:: Problem to solve ::
Quote these lines exactly: the one that holds "Funcionalidade e sofisticação" and every line after it to the end of the material below. Skip pictures.

:: Exercise data ::
=== Section Start ===

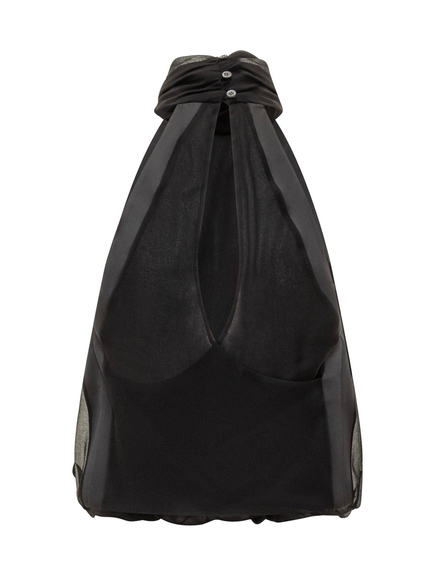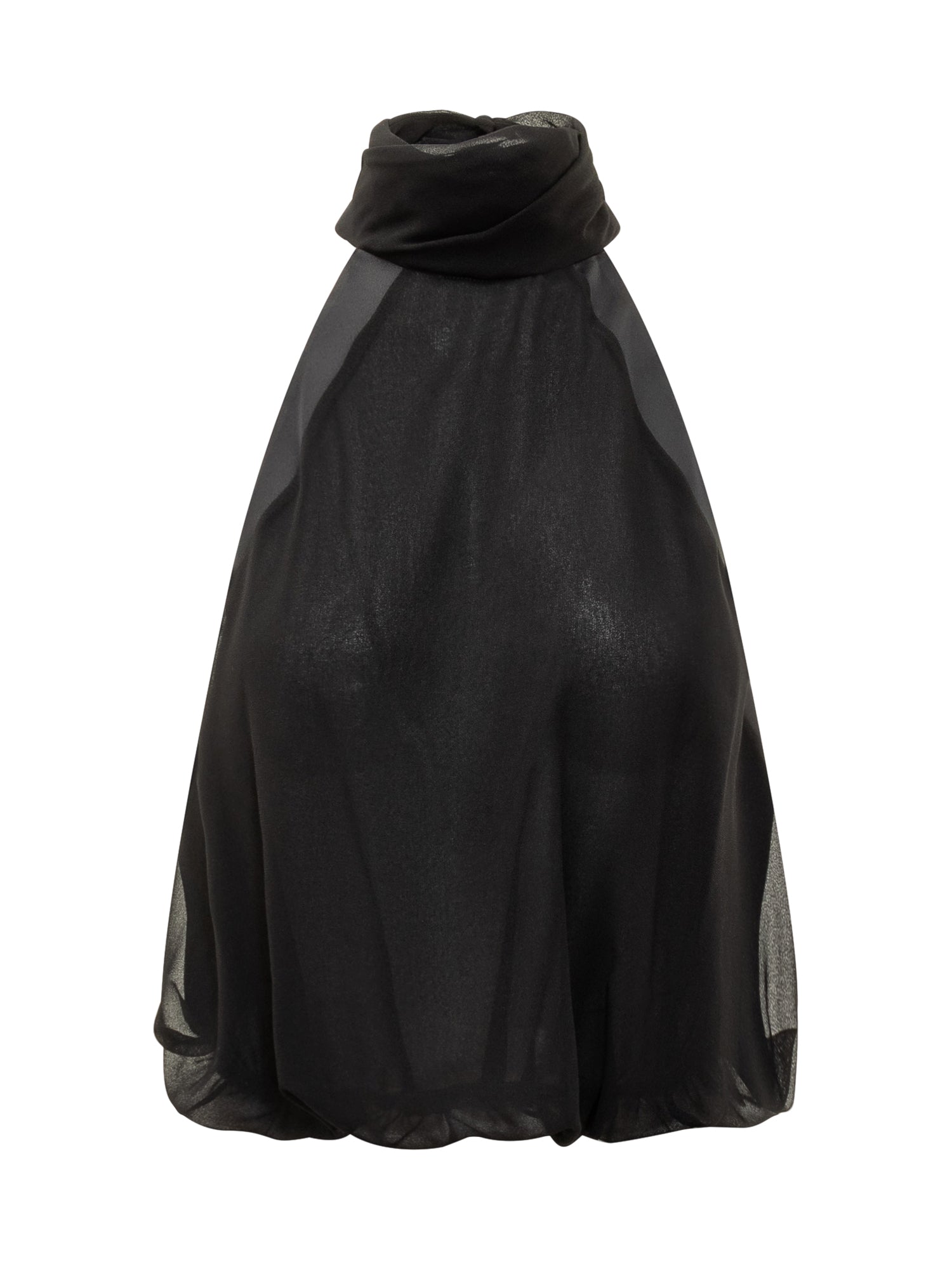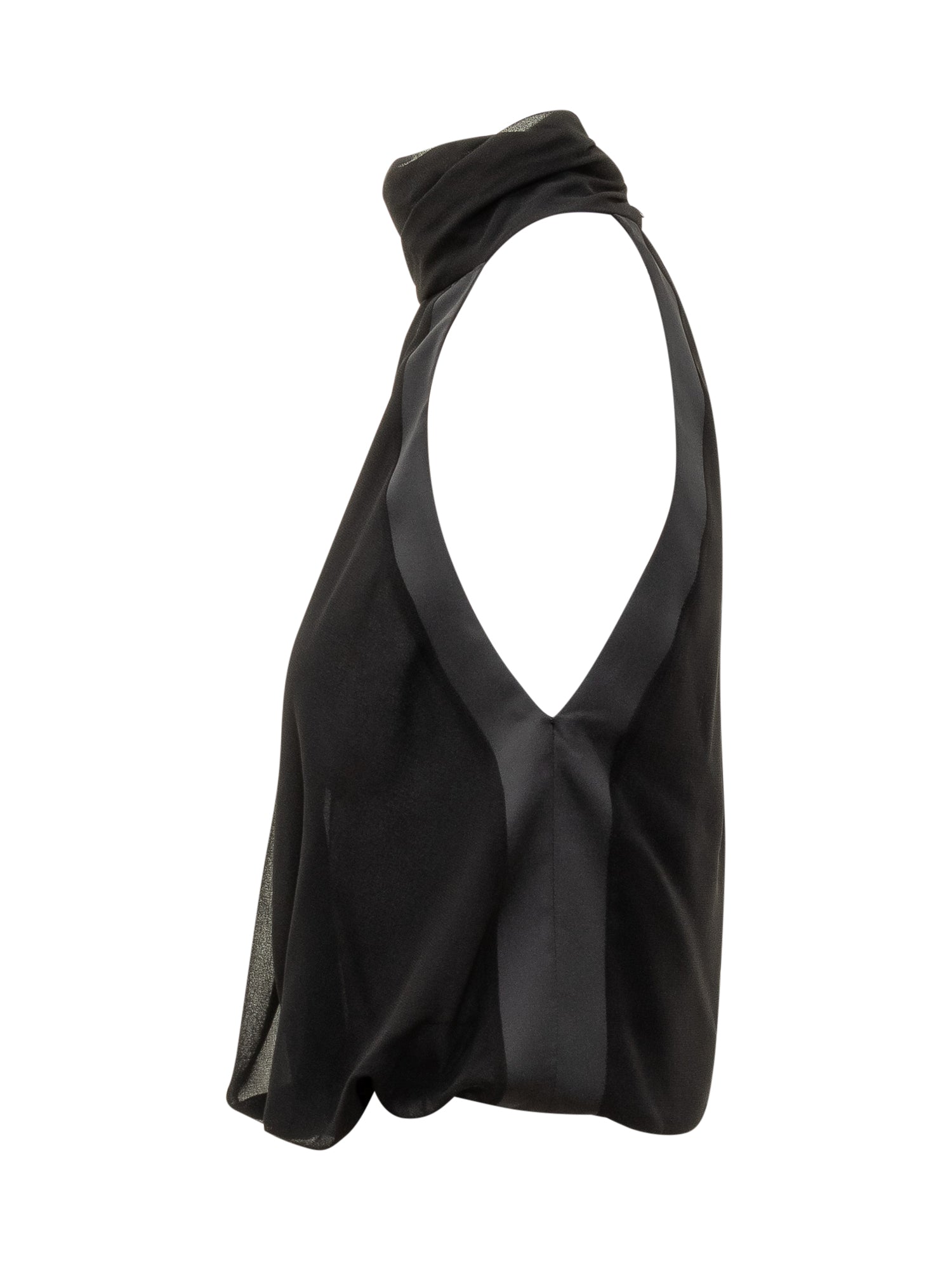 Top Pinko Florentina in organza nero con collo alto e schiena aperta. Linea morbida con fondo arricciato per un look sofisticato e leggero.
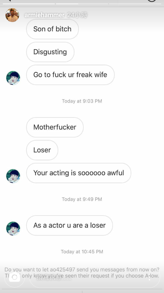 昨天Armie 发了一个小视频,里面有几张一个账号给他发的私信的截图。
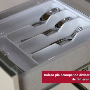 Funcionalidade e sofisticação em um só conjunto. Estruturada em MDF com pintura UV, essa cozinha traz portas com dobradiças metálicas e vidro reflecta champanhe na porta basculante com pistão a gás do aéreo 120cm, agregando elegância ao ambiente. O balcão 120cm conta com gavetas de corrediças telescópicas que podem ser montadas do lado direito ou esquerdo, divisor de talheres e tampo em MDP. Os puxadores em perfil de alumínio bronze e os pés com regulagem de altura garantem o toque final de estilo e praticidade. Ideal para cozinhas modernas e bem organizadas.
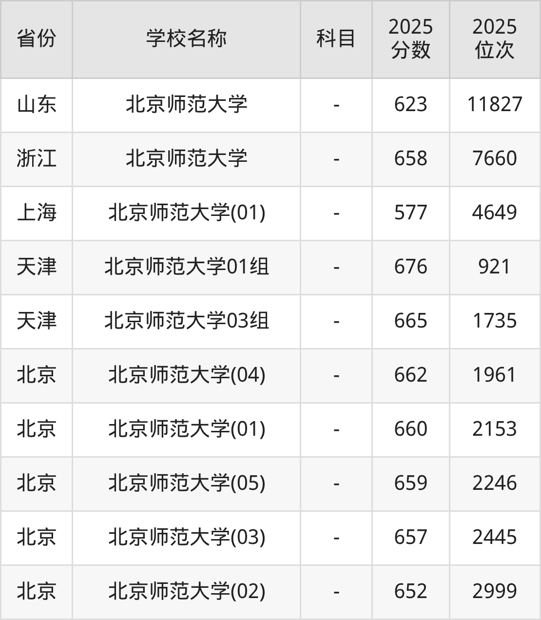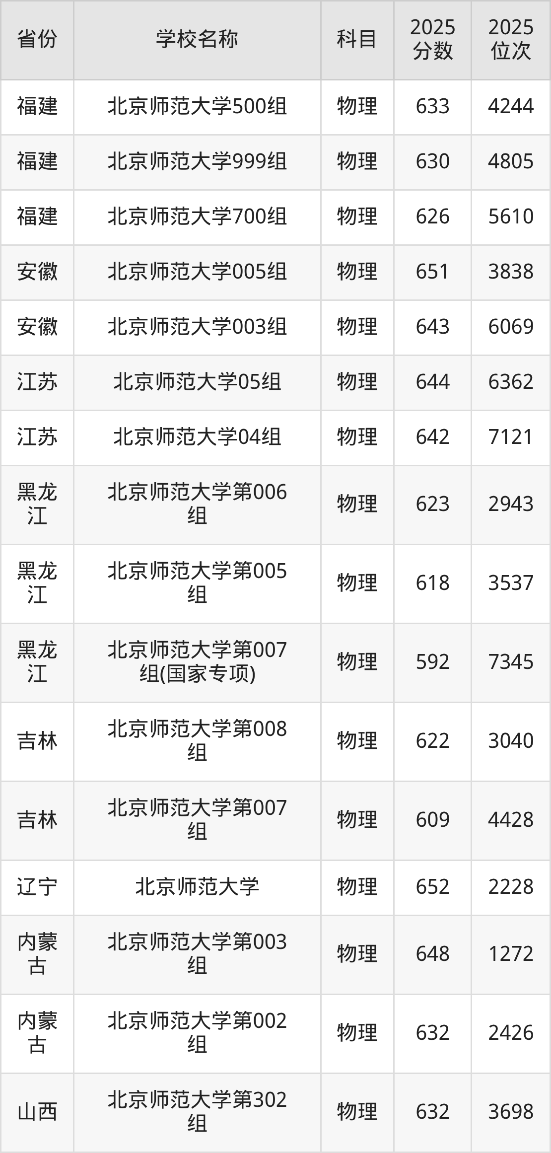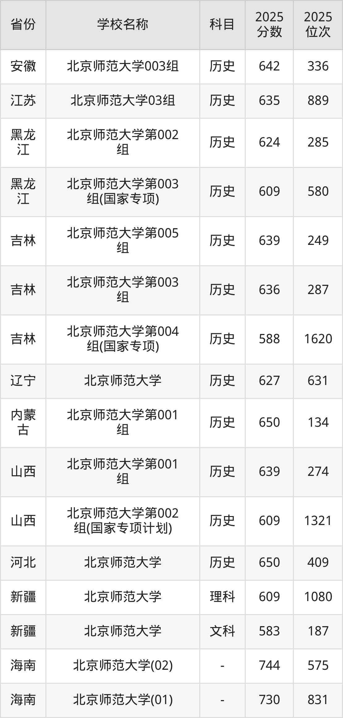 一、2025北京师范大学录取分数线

=== Section End ===

:: Exercise solution ::
 Funcionalidade e sofisticação em um só conjunto. Estruturada em MDF com pintura UV, essa cozinha traz portas com dobradiças metálicas e vidro reflecta champanhe na porta basculante com pistão a gás do aéreo 120cm, agregando elegância ao ambiente. O balcão 120cm conta com gavetas de corrediças telescópicas que podem ser montadas do lado direito ou esquerdo, divisor de talheres e tampo em MDP. Os puxadores em perfil de alumínio bronze e os pés com regulagem de altura garantem o toque final de estilo e praticidade. Ideal para cozinhas modernas e bem organizadas.
 一、2025北京师范大学录取分数线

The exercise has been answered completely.